The brilliant frog has spent his lifetime developing skills in disciplines ranging from nuclear engineering to science writing. But he is probably better known to the digerati as the father of computer consultant extraordinaire Esther Dyson. Nonetheless, the slightly built Freeman Dyson is a giant among scientists, largely due to his talents as a writer.
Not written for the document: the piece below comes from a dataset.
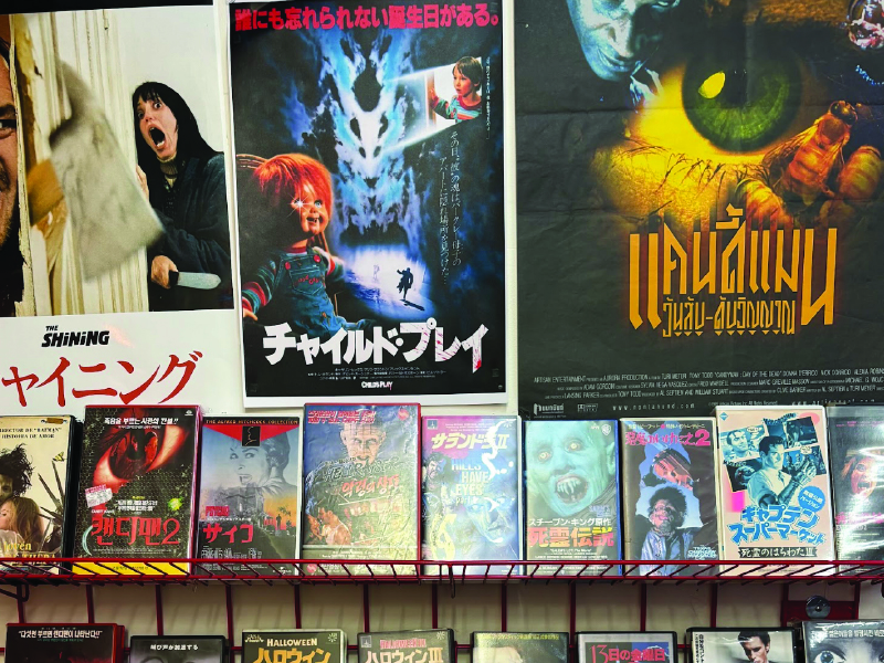 Inside, every inch of Slashback feels intentional—stacked with original VHS tapes, international editions, and rare poster art from Japan, Korea, and Thailand. “I’m part Japanese, so I really wanted to show that horror is universal,” Kiko said. “I love displaying Asian horror, Black horror, queer horror—everyone should feel represented. You might see Texas Chainsaw Massacre in Japanese or Candyman in Korean, and it’s so cool because people have never seen them like that before.”
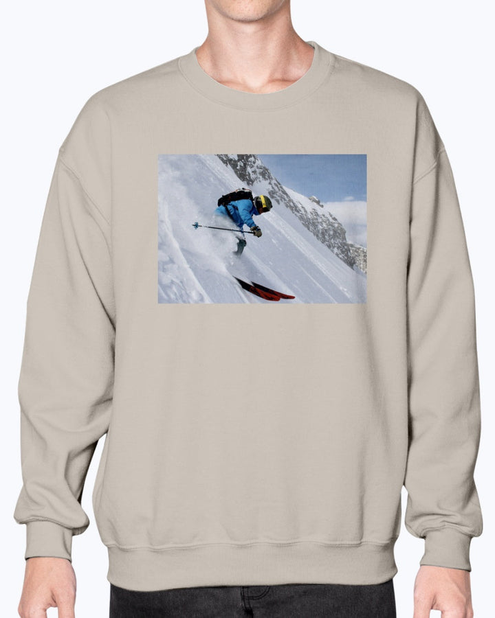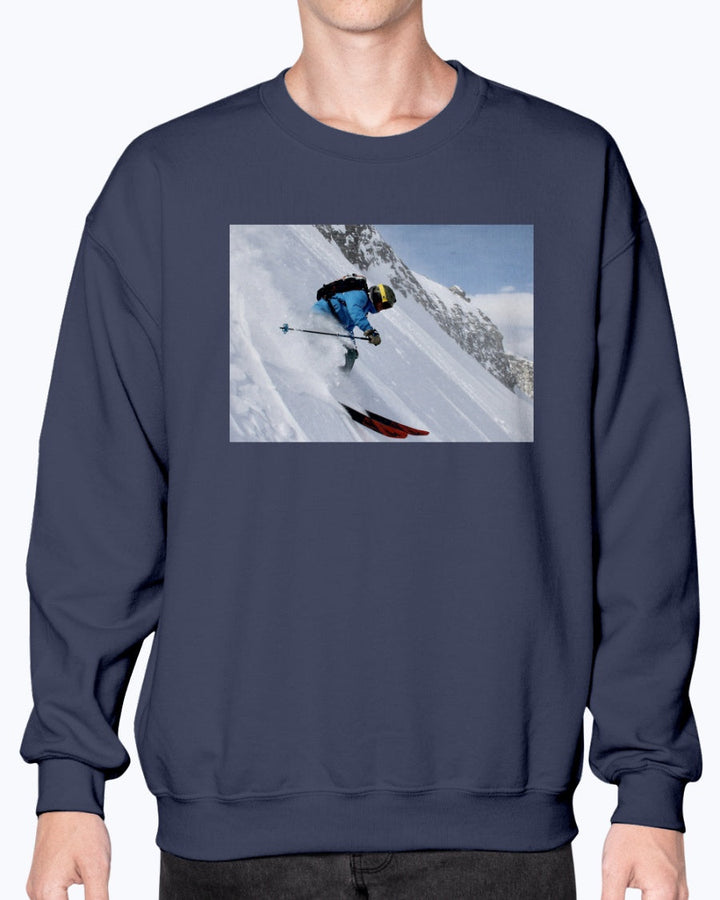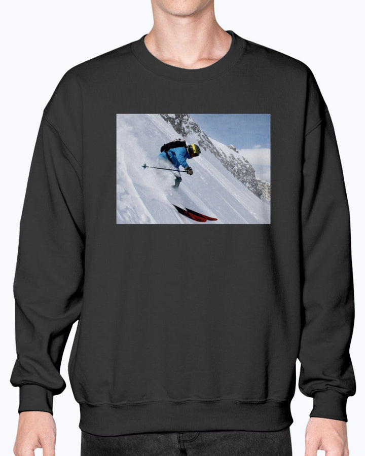 Experience the exhilarating rush of the mountains with our Unisex Heavy Blend Crewneck Sweatshirt, featuring a breathtaking photograph by Robert Moss. This isn't just cozy wear; it's a dynamic capture of a skier gracefully flying down a powdery, steep Austrian mountain – embodying the pure thrill of winter sports.

His work as an interpreter of science for the general public has brought many rewards, the first of which is a body of work that includes the autobiographical “Disturbing the Universe” (1979), a meditation on nuclear disarmament, “Weapons and Hope” (1984) and a road map for the most important technologies of the coming century, “The Sun, the Genome, and the Internet” (1999). Dyson’s writing has been widely praised for its poetry and artistry, and in 1996 he received the Lewis Thomas Prize, a Rockefeller University-sponsored award that recognizes scientists for their artistic achievements. The key to Dyson’s life is that he has never been one to shy away from new experiences. Recalling that his real life began at age 45, when he published his first book, Dyson mused in 1992: “So long as you have courage and a sense of humor, it is never too late to start life afresh.”
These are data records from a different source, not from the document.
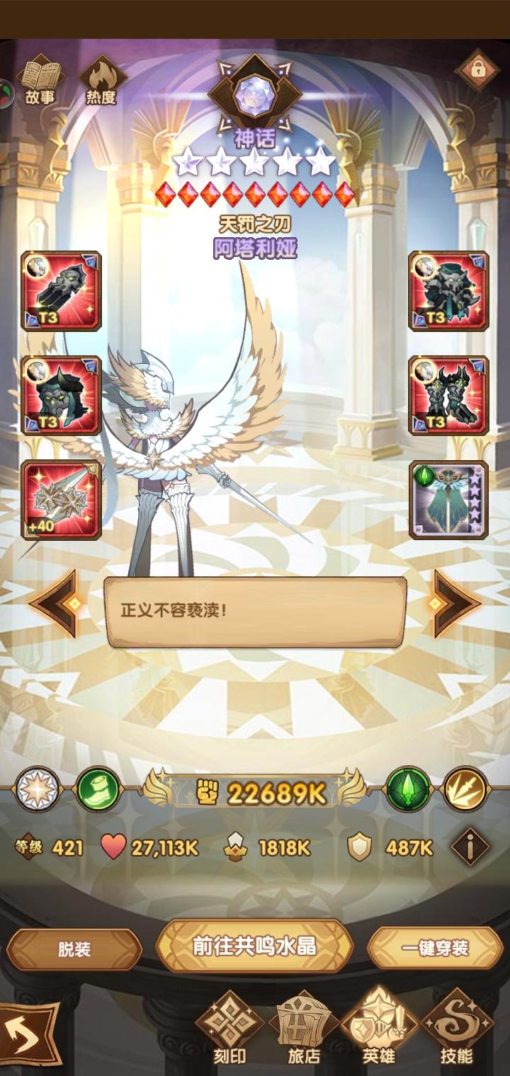 我是一名远征老玩家,第一张五星白卡是剑圣,第一张半神神话卡是天罚,推关,竞技场,团本的主力也是他俩。不为什么,就是要练到极致,因为热爱。
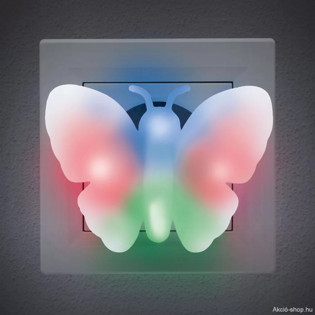 Éjszakai jelzőfény színes pillangó Éjszakai Színes LED irányfény Gyerekszobák édes kis dísze lehet ez a színes LED-es pillangó. Kiváló megoldás azoknak a gyerekeknek, akik éjszaka többször felébrednek vagy félnek a sötétben.
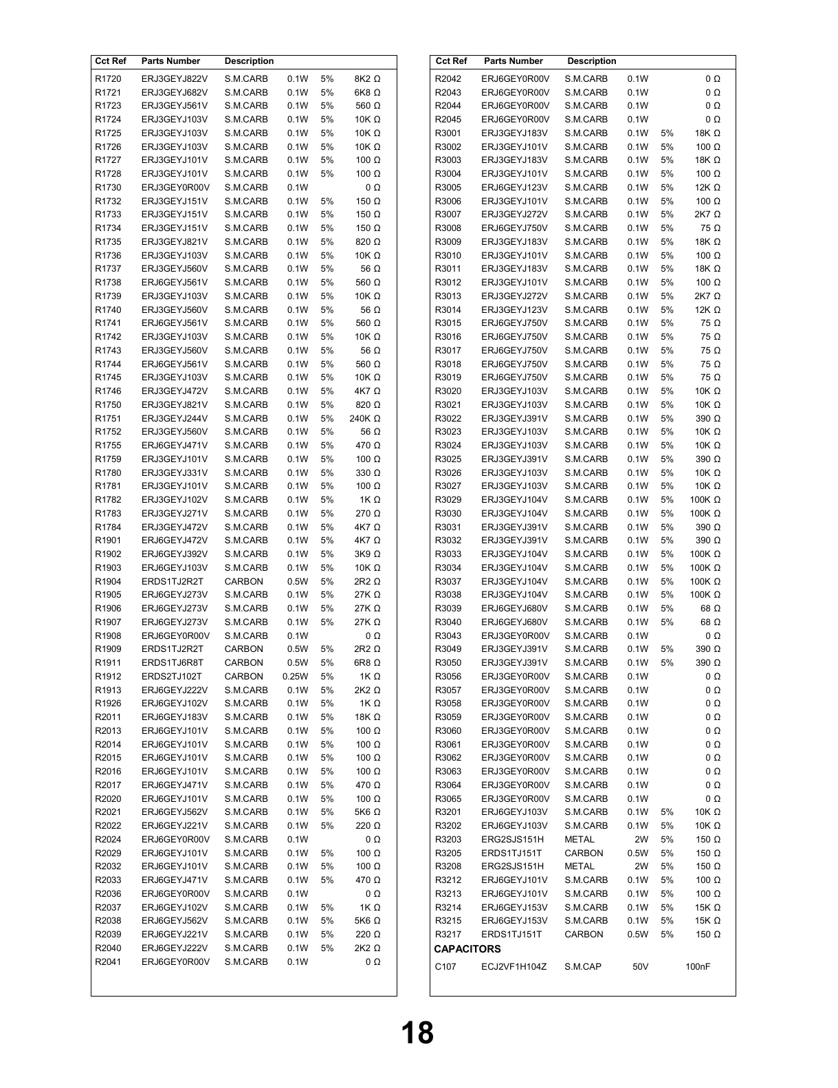S.M.CARBR3003 ERJ3GEYJ183V 0.1W 5% 18K Ω

Born in 1923 in Crowthorne, Berkshire, in south England, Dyson grew up as “a mathematically inclined child born into a musical family … without pretensions to scientific fame.” The Dyson home was rich in cultural and artistic influences. His father, the composer/conductor Sir George Dyson, eventually became the director of the British Royal College of Music in London. Dyson’s mother, Lady Mildred, a lawyer by training, was intensely interested in literature and language. Dyson recalls that his parents expressed their affection by encouraging him to explore arts and culture; they were in their early 40s when they started their family: “[Being raised by my mother and father] was more like being with grandparents than parents, but they certainly loved us in their own fashion. It was more intellectual than physical.”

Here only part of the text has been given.